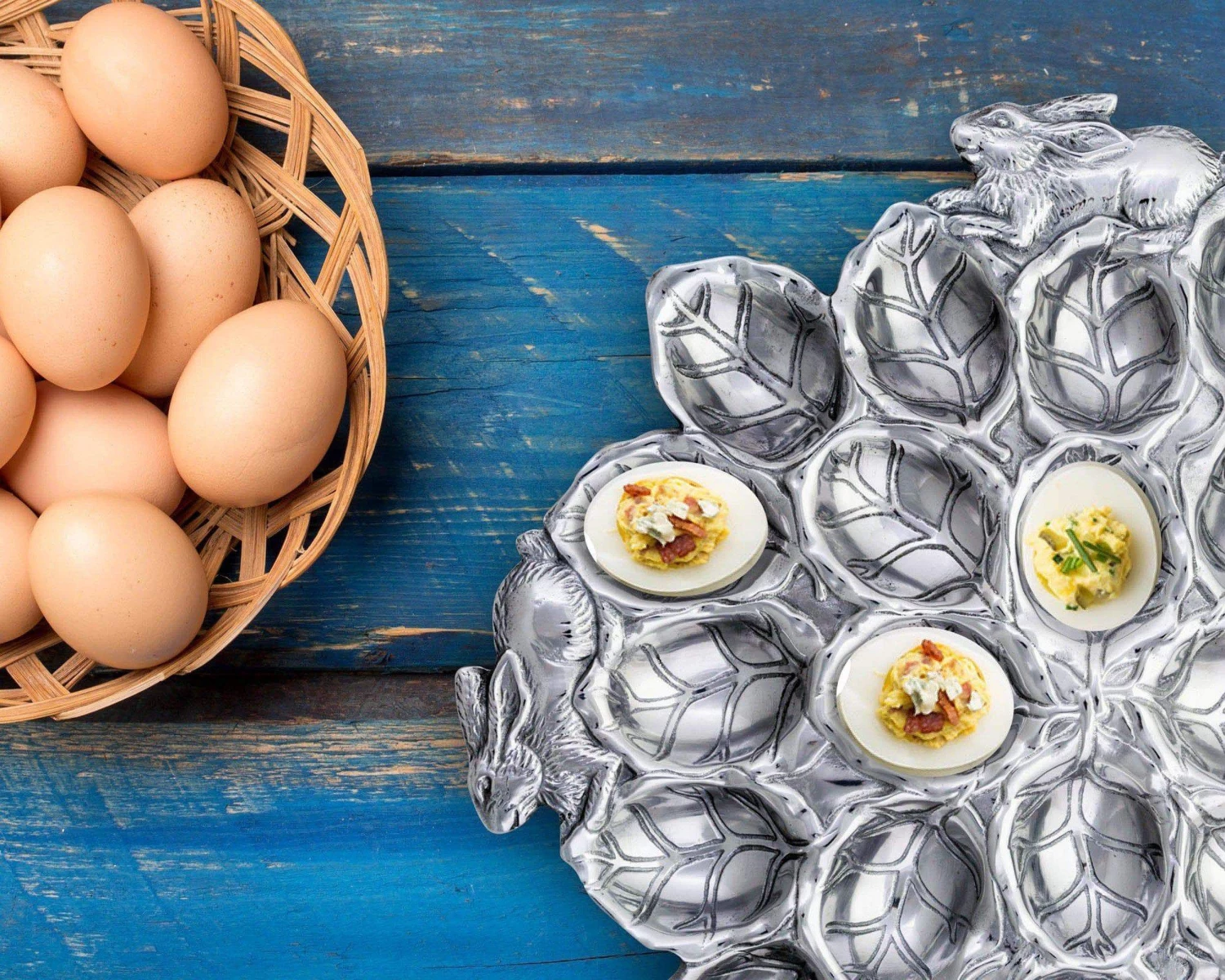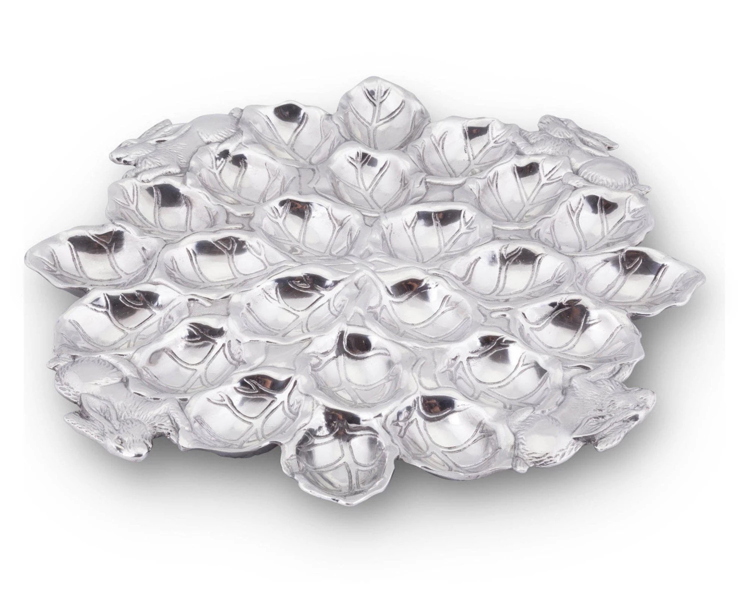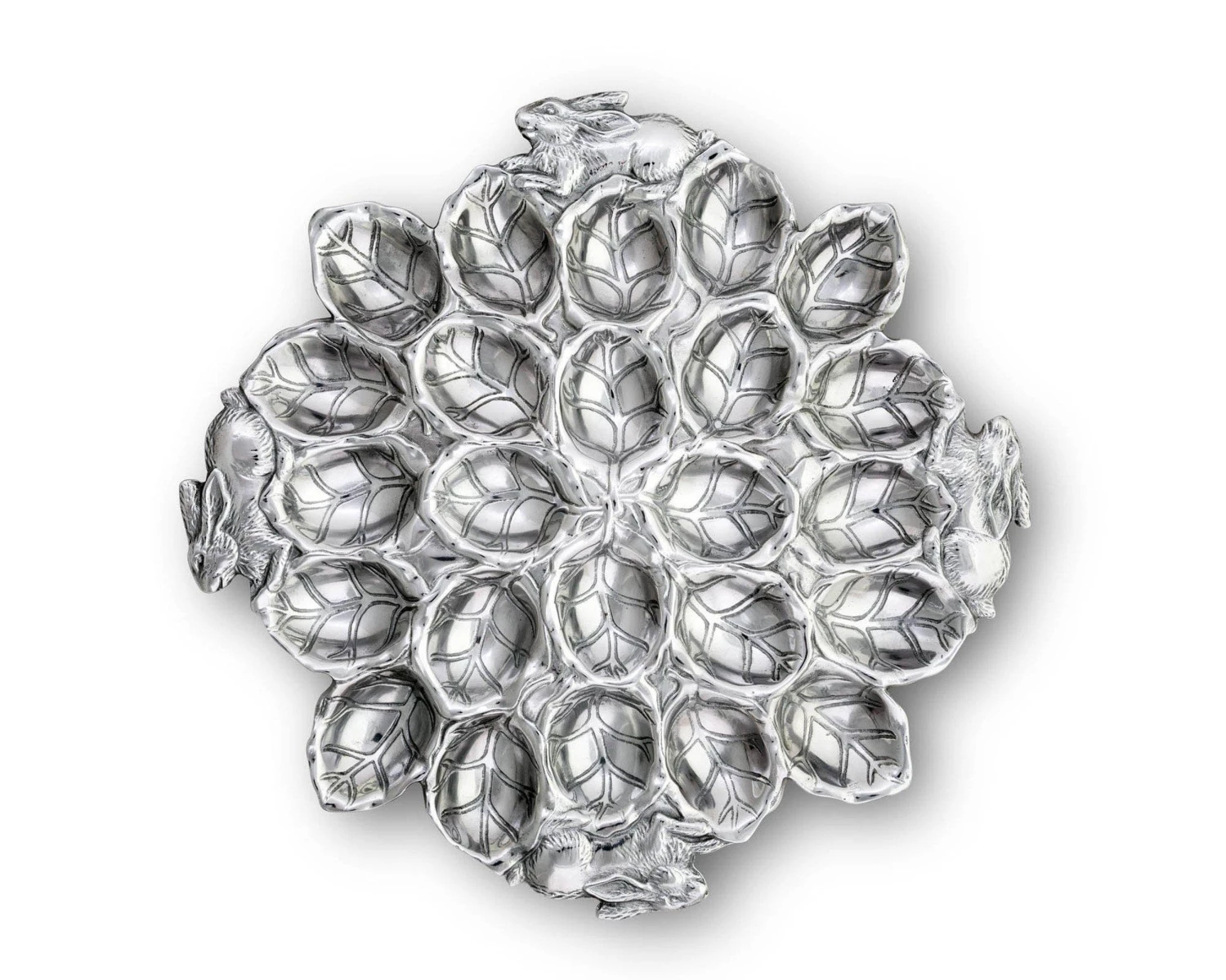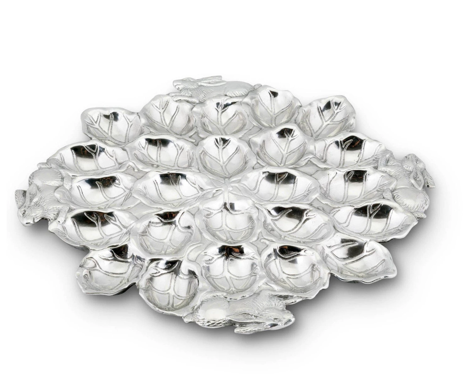 Beautiful rabbits nestle among the eggs on each side of this piece, while intricate veins run around and through the leafy-patterned holders. Handcrafted in aluminum, this design exhibits a brilliant luster against brightly-colored foods. Holds 24 Deviled Eggs.
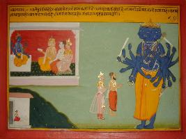 | Description / विवरण | Miniature painting based on Mahabharat - Vana parva. On the left side Vishnu is depicted with Brahma and Shiv on the other side Vishnu is depicted in Vishwaroop. |
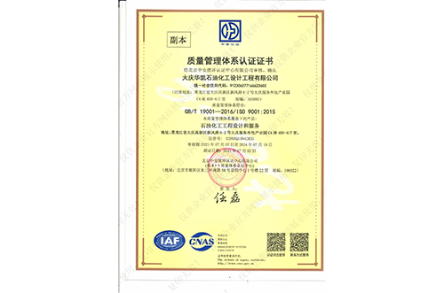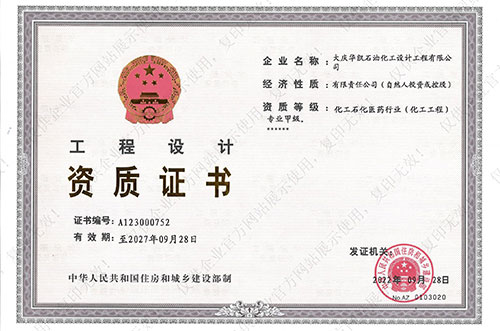 我公司具有化工工程專業(yè)甲級(jí),石油及化工產(chǎn)品儲(chǔ)運(yùn)、煉油工程、管道輸送、油田地面、制漿造紙工藝、城鎮(zhèn)燃?xì)夤こ獭⒔ㄖこ桃壹?jí)設(shè)計(jì)資質(zhì),石化、建筑乙級(jí)咨詢資質(zhì),并通過了ISO9001質(zhì)量管理體系的認(rèn)證、環(huán)境管理體系認(rèn)證和職業(yè)健康安全管理體系認(rèn)證,具有Ⅰ、Ⅱ、Ⅲ類壓力容器設(shè)計(jì)資格證及壓力管道設(shè)計(jì)資格證。
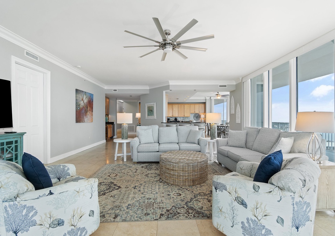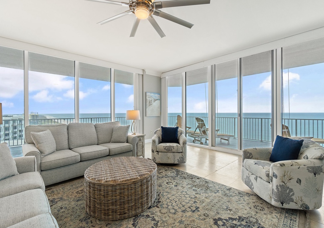 Floor-to-ceiling sliding glass doors open to the expansive covered terrace, and with comfortable furniture for the whole group to enjoy their favorite beverage and even savor a delicious meal while delighting in panoramic vistas of the sparkling Gulf Coast.
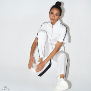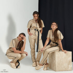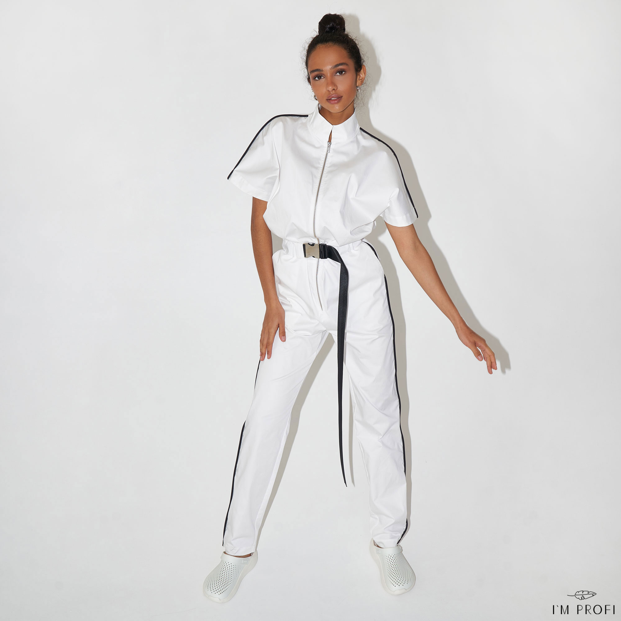 Комбінезон – незвичайне і стильне рішення уніформи для б’юті-майстра. Виріб напівприлеглого крою вигідно подає фігуру. Гумка на талії покращує посадку. Верхня частина моделі виконана зі складкою ззаду і оригинальними рукавами. Комбінезон застібається на металеву молнію YKK.Також фурнітура зі сріблом використовується на поясі.Накладні кишені на сзаду, а також прорізні кишені з боків додають функціональності.
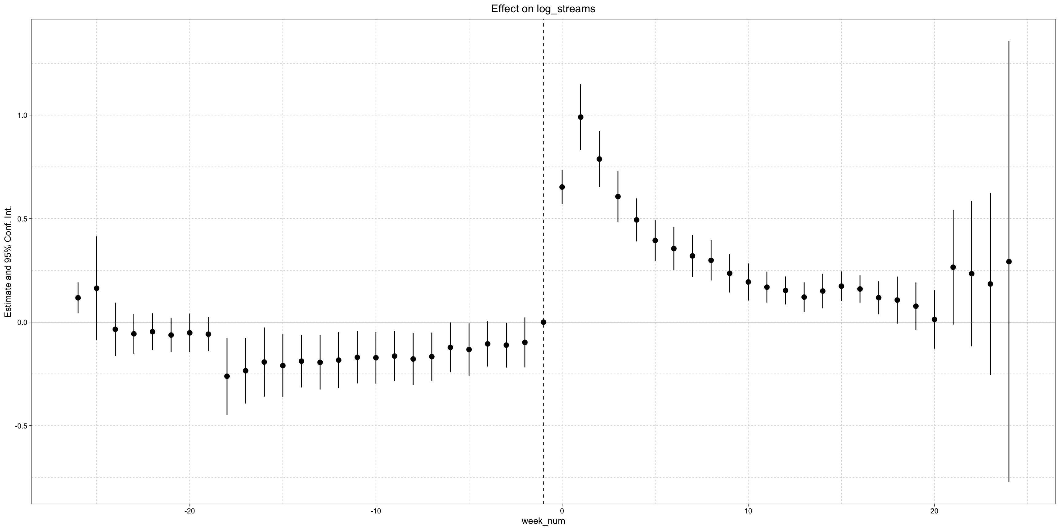 library(ggiplot)mod.sunab <-feols(log_streams ~sunab(G, week_num) | id + week_num, data = did_data_staggered )ggiplot(mod.sunab)
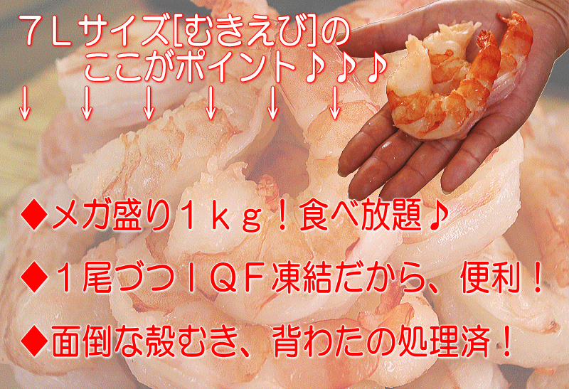 ■商品内容■ ■天然 特大7Lサイズ[むきえび]! ■たっぷり1kg! ※ここがポイント♪
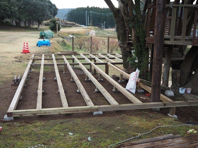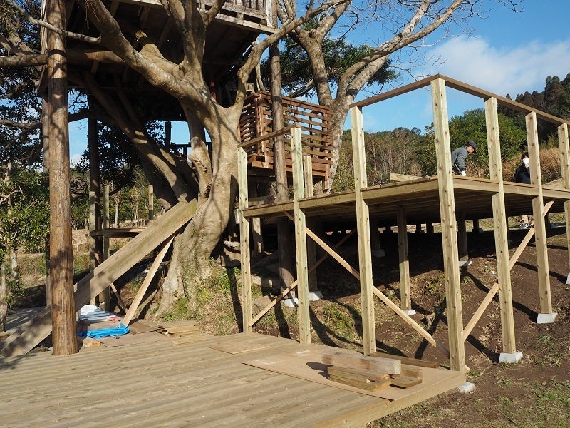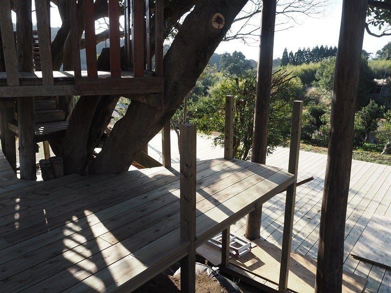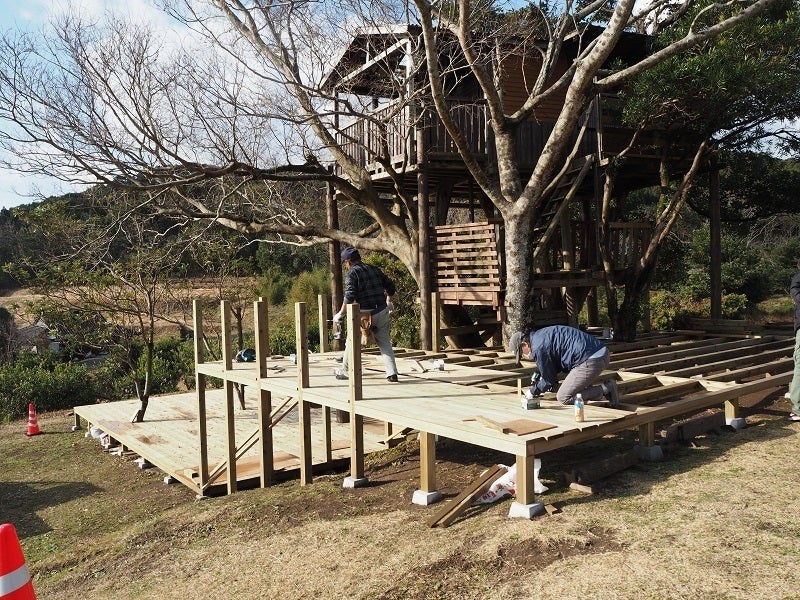 プロジェクトで取り組んだウッドデッキ作りは、1月中の完成を予定しています。現在、下段、上段のウッドデッキはほぼ完成し、あとは階段や手すりなどの部分の整備で完成です。お礼状とリターンの発送を始めました。お手元に届くまでもうしばらくお待ちください。
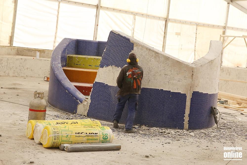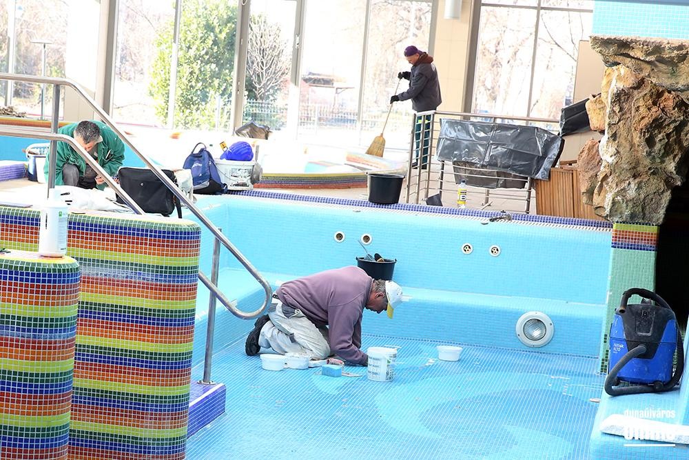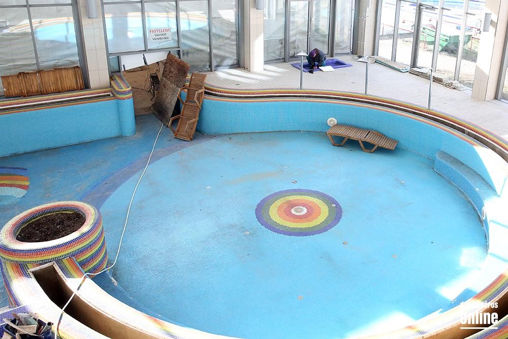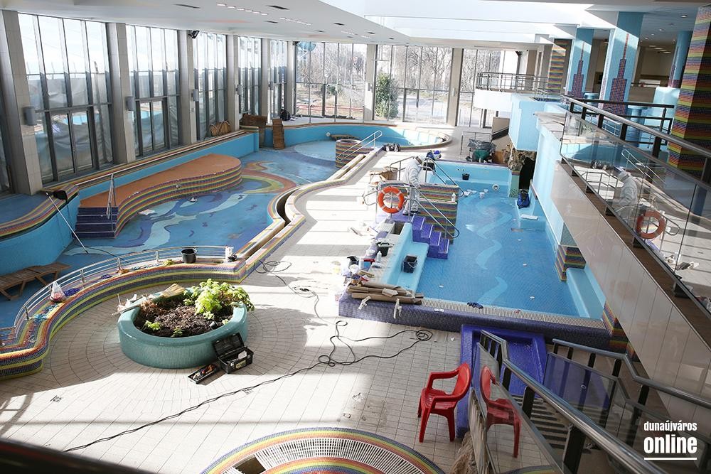 Cserna Gábor elmondta, hogy az élményfürdőt tavaly november elején adták át a felújítási munkával megbízott DVG Zrt-nek. A cég elkezdte a tényleges felújítási munkálatokat és közben az uszodatechnikai és egyéb szakspecifikus munkák elvégzésére közbeszerzési pályázatokat írt ki, majd azok nyerteseivel le is szerződött az elvégzendő feladatokra. A felújítás keretében megújítják a párátlanító rendszert, az épület teljes villamossági hálózatát, a csúszdákat, a medencék burkolatát, a gépészeti, uszodatechnikai berendezéseket, teljesen új beléptető rendszert alakítanak ki. A polgármester hozzátette, bár nagyon sok munkát ad a szakembereknek az évek óta nem üzemelt fürdő, jól haladnak a felújítási munkálatokkal, és az áprilisi próbaüzemet követően májusban, a jó idő beköszöntével megnyithatja kapuit a fürdő a városlakók előtt.
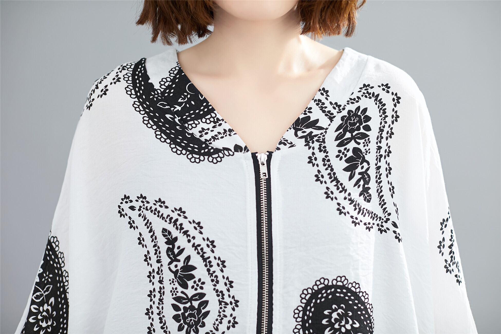 2021年春夏新作トレードプラスサイズルーズプリントウインドブレーカーレディースミドル丈バットスリーブジッパー日焼け止め 大きめサイズ スプリング 春物 サマー 夏物 TB2-59 TB2-594089367076
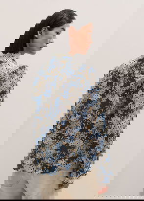 Silk Cotton Camo Meadow Print Blouse Blue/Multi
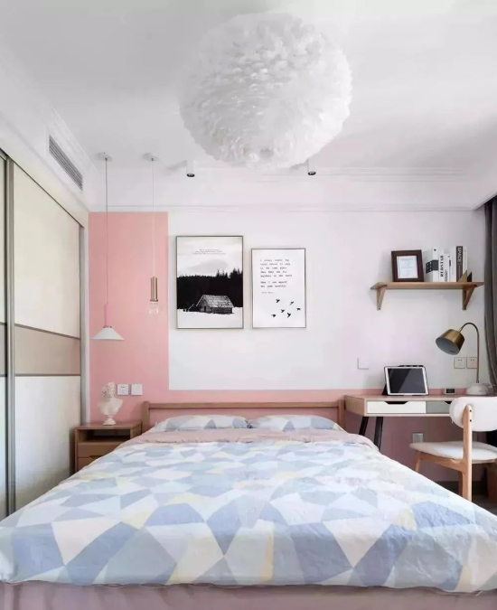 ⑨小吊燈?!盁纛^”部分尺寸較小的吊燈,一般在臥室中安裝于或是床頭一側(cè)/兩側(cè),或是梳妝臺、書桌等功能區(qū)的頂面,作為輔助燈光,用于加強局部照明使用;
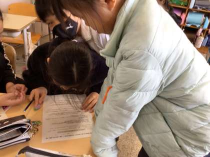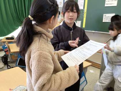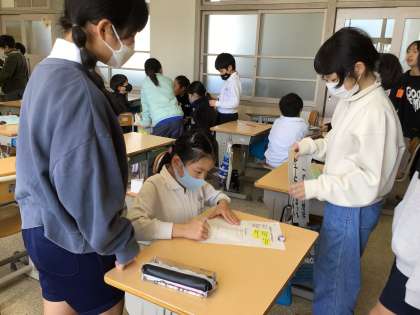 今日のなかよし活動の準備をしています。役割分担をしたり話す練習をしたりしました。6年生に感謝の気持ちを伝えるために頑張ります。
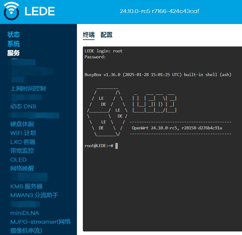 点击“服务 - 终端”,登录终端,默认用户名root,密码为password:

==============================

- Prompt -
No images belong in the copy. Transcribe every record exactly.

- Result for this exercise -
 Beautiful rabbits nestle among the eggs on each side of this piece, while intricate veins run around and through the leafy-patterned holders. Handcrafted in aluminum, this design exhibits a brilliant luster against brightly-colored foods. Holds 24 Deviled Eggs.
 | Description / विवरण | Miniature painting based on Mahabharat - Vana parva. On the left side Vishnu is depicted with Brahma and Shiv on the other side Vishnu is depicted in Vishwaroop. |
 我公司具有化工工程專業(yè)甲級(jí),石油及化工產(chǎn)品儲(chǔ)運(yùn)、煉油工程、管道輸送、油田地面、制漿造紙工藝、城鎮(zhèn)燃?xì)夤こ獭⒔ㄖこ桃壹?jí)設(shè)計(jì)資質(zhì),石化、建筑乙級(jí)咨詢資質(zhì),并通過了ISO9001質(zhì)量管理體系的認(rèn)證、環(huán)境管理體系認(rèn)證和職業(yè)健康安全管理體系認(rèn)證,具有Ⅰ、Ⅱ、Ⅲ類壓力容器設(shè)計(jì)資格證及壓力管道設(shè)計(jì)資格證。
 Floor-to-ceiling sliding glass doors open to the expansive covered terrace, and with comfortable furniture for the whole group to enjoy their favorite beverage and even savor a delicious meal while delighting in panoramic vistas of the sparkling Gulf Coast.
 Комбінезон – незвичайне і стильне рішення уніформи для б’юті-майстра. Виріб напівприлеглого крою вигідно подає фігуру. Гумка на талії покращує посадку. Верхня частина моделі виконана зі складкою ззаду і оригинальними рукавами. Комбінезон застібається на металеву молнію YKK.Також фурнітура зі сріблом використовується на поясі.Накладні кишені на сзаду, а також прорізні кишені з боків додають функціональності.
 library(ggiplot)mod.sunab <-feols(log_streams ~sunab(G, week_num) | id + week_num, data = did_data_staggered )ggiplot(mod.sunab)
 ■商品内容■ ■天然 特大7Lサイズ[むきえび]! ■たっぷり1kg! ※ここがポイント♪
 プロジェクトで取り組んだウッドデッキ作りは、1月中の完成を予定しています。現在、下段、上段のウッドデッキはほぼ完成し、あとは階段や手すりなどの部分の整備で完成です。お礼状とリターンの発送を始めました。お手元に届くまでもうしばらくお待ちください。
 Cserna Gábor elmondta, hogy az élményfürdőt tavaly november elején adták át a felújítási munkával megbízott DVG Zrt-nek. A cég elkezdte a tényleges felújítási munkálatokat és közben az uszodatechnikai és egyéb szakspecifikus munkák elvégzésére közbeszerzési pályázatokat írt ki, majd azok nyerteseivel le is szerződött az elvégzendő feladatokra. A felújítás keretében megújítják a párátlanító rendszert, az épület teljes villamossági hálózatát, a csúszdákat, a medencék burkolatát, a gépészeti, uszodatechnikai berendezéseket, teljesen új beléptető rendszert alakítanak ki. A polgármester hozzátette, bár nagyon sok munkát ad a szakembereknek az évek óta nem üzemelt fürdő, jól haladnak a felújítási munkálatokkal, és az áprilisi próbaüzemet követően májusban, a jó idő beköszöntével megnyithatja kapuit a fürdő a városlakók előtt.
 2021年春夏新作トレードプラスサイズルーズプリントウインドブレーカーレディースミドル丈バットスリーブジッパー日焼け止め 大きめサイズ スプリング 春物 サマー 夏物 TB2-59 TB2-594089367076
 Silk Cotton Camo Meadow Print Blouse Blue/Multi
 ⑨小吊燈?!盁纛^”部分尺寸較小的吊燈,一般在臥室中安裝于或是床頭一側(cè)/兩側(cè),或是梳妝臺、書桌等功能區(qū)的頂面,作為輔助燈光,用于加強局部照明使用;
 今日のなかよし活動の準備をしています。役割分担をしたり話す練習をしたりしました。6年生に感謝の気持ちを伝えるために頑張ります。
 点击“服务 - 终端”,登录终端,默认用户名root,密码为password:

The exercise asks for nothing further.